*** Dataset records

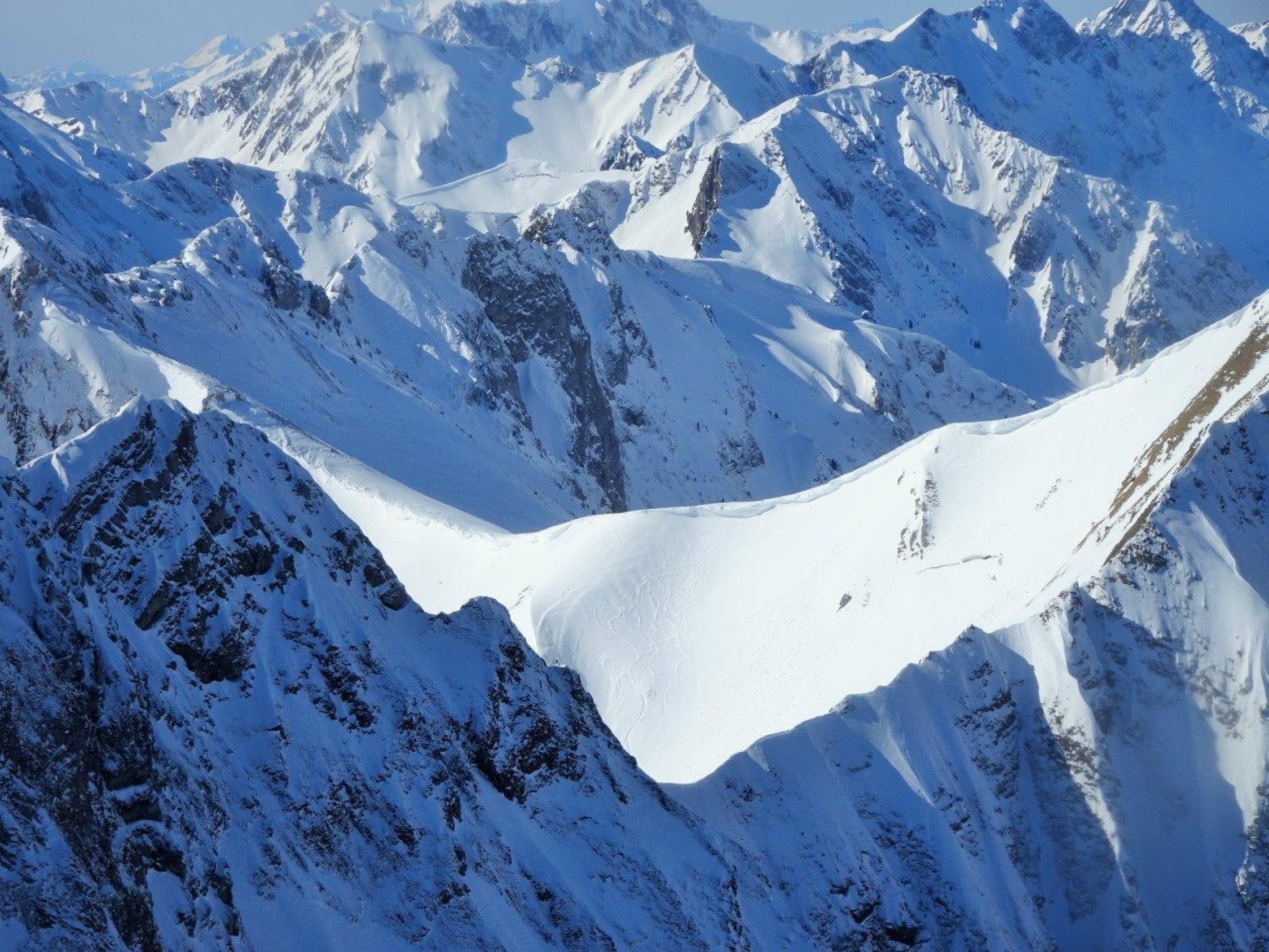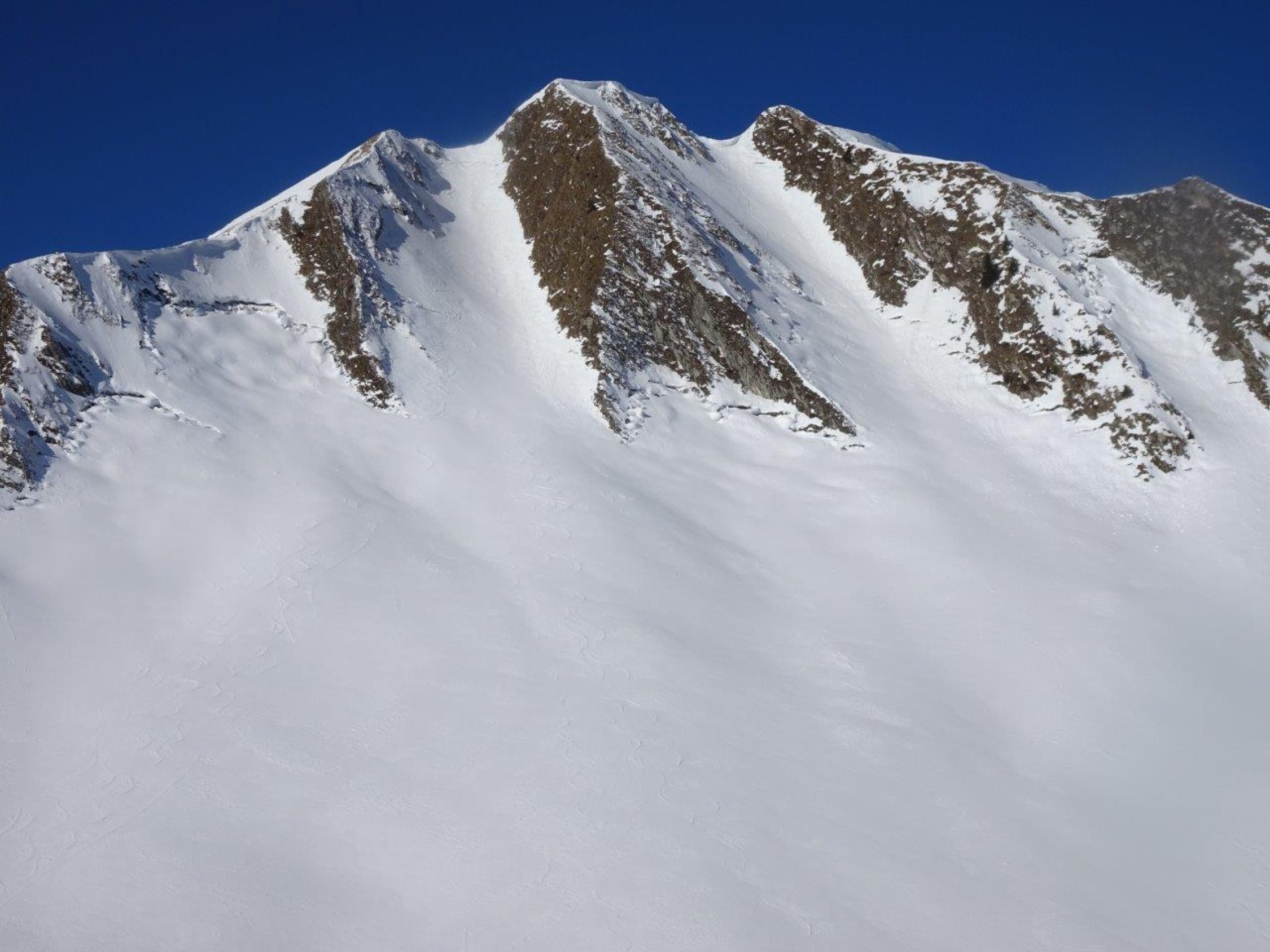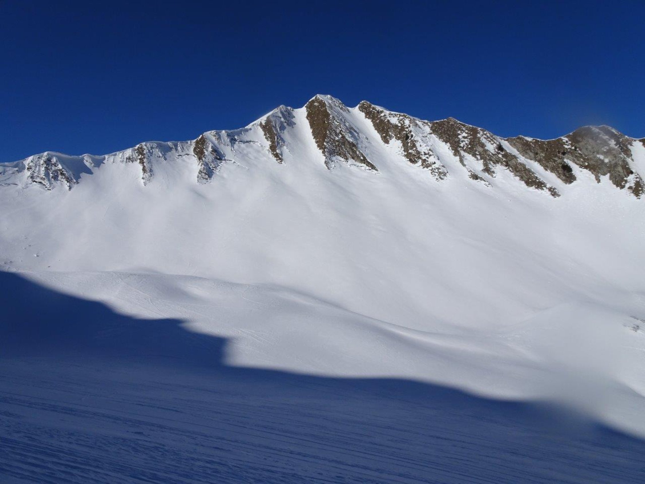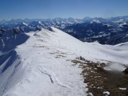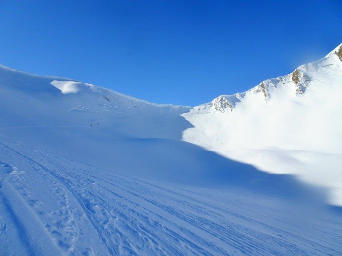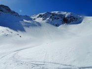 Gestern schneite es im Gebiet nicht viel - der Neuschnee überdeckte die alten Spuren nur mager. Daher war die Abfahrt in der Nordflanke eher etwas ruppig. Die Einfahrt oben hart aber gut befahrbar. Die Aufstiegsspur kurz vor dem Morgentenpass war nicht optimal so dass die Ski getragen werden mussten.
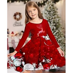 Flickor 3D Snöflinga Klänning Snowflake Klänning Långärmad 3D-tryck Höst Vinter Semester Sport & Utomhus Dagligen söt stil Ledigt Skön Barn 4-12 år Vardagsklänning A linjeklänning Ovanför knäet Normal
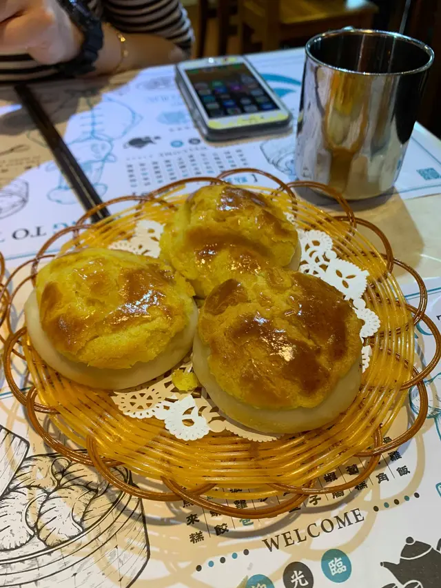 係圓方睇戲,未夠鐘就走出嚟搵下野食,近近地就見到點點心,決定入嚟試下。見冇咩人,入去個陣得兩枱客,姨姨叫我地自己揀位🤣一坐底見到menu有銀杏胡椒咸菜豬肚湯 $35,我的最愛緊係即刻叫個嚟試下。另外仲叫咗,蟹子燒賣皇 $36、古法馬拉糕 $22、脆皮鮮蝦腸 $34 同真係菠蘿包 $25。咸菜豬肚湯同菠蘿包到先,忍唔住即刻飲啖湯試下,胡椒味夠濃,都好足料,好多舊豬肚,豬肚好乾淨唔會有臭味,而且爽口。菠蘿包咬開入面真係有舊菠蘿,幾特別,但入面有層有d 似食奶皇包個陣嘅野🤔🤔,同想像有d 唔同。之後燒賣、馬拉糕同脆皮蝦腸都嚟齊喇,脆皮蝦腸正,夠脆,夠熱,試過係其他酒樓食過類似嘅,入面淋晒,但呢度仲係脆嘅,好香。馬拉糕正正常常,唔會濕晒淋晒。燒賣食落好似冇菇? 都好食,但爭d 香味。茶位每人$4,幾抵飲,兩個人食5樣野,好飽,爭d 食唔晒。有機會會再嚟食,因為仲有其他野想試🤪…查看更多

******
*** Dataset records

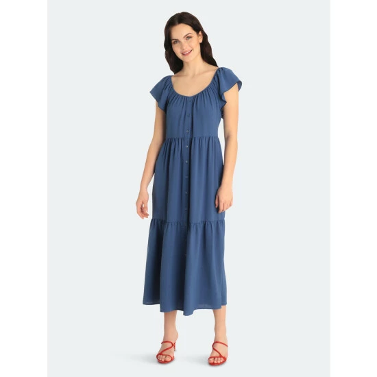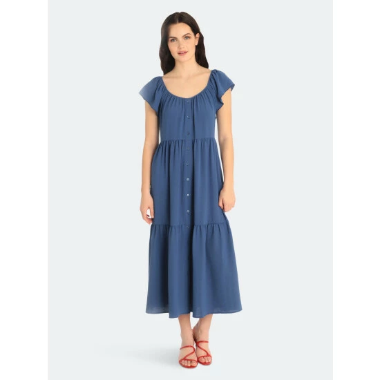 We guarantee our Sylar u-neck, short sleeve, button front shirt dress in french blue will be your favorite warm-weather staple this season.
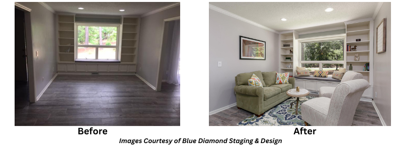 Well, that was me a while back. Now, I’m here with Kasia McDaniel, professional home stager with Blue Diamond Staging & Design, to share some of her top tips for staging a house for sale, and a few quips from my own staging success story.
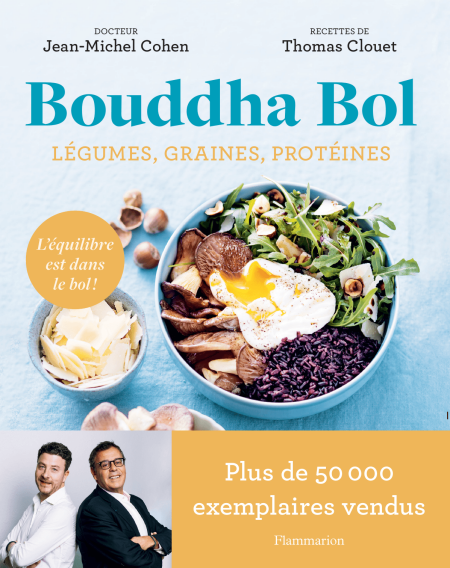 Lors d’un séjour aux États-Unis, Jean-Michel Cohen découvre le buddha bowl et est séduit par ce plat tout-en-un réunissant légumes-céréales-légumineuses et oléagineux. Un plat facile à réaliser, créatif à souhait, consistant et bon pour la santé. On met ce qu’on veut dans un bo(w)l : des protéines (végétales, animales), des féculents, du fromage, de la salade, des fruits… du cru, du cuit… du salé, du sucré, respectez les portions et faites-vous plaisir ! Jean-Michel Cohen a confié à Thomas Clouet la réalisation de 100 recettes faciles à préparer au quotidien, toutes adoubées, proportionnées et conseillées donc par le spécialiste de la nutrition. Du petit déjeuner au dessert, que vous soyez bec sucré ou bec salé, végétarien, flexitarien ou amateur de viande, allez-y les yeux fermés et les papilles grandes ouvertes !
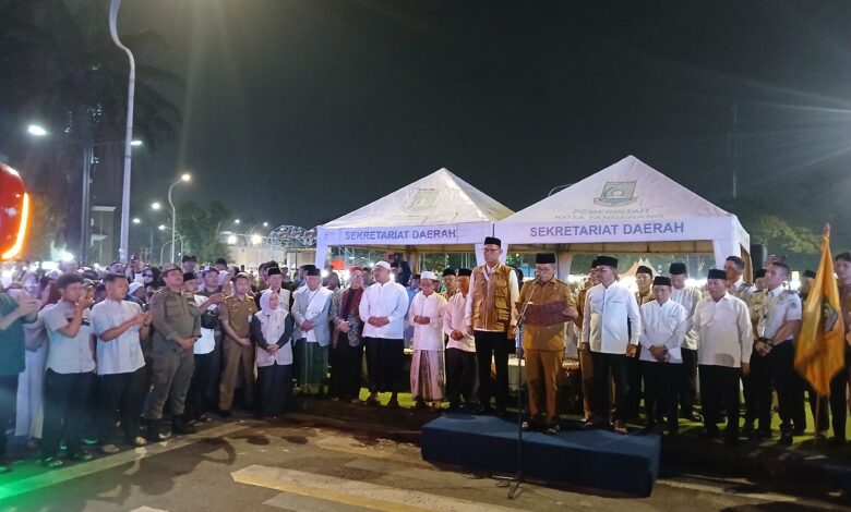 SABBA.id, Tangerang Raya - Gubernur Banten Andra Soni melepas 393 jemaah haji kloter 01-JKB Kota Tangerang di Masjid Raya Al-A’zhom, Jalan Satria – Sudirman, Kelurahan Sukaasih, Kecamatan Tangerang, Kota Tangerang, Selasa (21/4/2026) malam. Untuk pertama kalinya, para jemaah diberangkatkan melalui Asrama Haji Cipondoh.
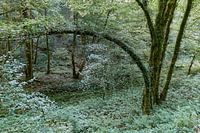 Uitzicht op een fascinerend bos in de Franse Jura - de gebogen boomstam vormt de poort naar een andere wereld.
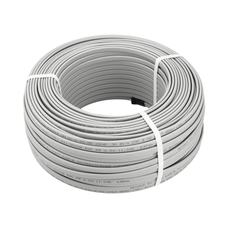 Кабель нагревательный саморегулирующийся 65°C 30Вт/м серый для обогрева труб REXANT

******

**Work required**.
In the material above, one part opens with the line containing "Gestern schneite es" and closes with the line containing "都好食,但爭d 香味。茶位每人$4,幾抵飲,兩個人食5樣野,好飽,爭d 食唔晒。有機會會再嚟食,因為仲有其他野想試🤪…查看更多". Write out that part exactly and skip its pictures.

**Answer to this task**.
 Gestern schneite es im Gebiet nicht viel - der Neuschnee überdeckte die alten Spuren nur mager. Daher war die Abfahrt in der Nordflanke eher etwas ruppig. Die Einfahrt oben hart aber gut befahrbar. Die Aufstiegsspur kurz vor dem Morgentenpass war nicht optimal so dass die Ski getragen werden mussten.
 Flickor 3D Snöflinga Klänning Snowflake Klänning Långärmad 3D-tryck Höst Vinter Semester Sport & Utomhus Dagligen söt stil Ledigt Skön Barn 4-12 år Vardagsklänning A linjeklänning Ovanför knäet Normal
 係圓方睇戲,未夠鐘就走出嚟搵下野食,近近地就見到點點心,決定入嚟試下。見冇咩人,入去個陣得兩枱客,姨姨叫我地自己揀位🤣一坐底見到menu有銀杏胡椒咸菜豬肚湯 $35,我的最愛緊係即刻叫個嚟試下。另外仲叫咗,蟹子燒賣皇 $36、古法馬拉糕 $22、脆皮鮮蝦腸 $34 同真係菠蘿包 $25。咸菜豬肚湯同菠蘿包到先,忍唔住即刻飲啖湯試下,胡椒味夠濃,都好足料,好多舊豬肚,豬肚好乾淨唔會有臭味,而且爽口。菠蘿包咬開入面真係有舊菠蘿,幾特別,但入面有層有d 似食奶皇包個陣嘅野🤔🤔,同想像有d 唔同。之後燒賣、馬拉糕同脆皮蝦腸都嚟齊喇,脆皮蝦腸正,夠脆,夠熱,試過係其他酒樓食過類似嘅,入面淋晒,但呢度仲係脆嘅,好香。馬拉糕正正常常,唔會濕晒淋晒。燒賣食落好似冇菇? 都好食,但爭d 香味。茶位每人$4,幾抵飲,兩個人食5樣野,好飽,爭d 食唔晒。有機會會再嚟食,因為仲有其他野想試🤪…查看更多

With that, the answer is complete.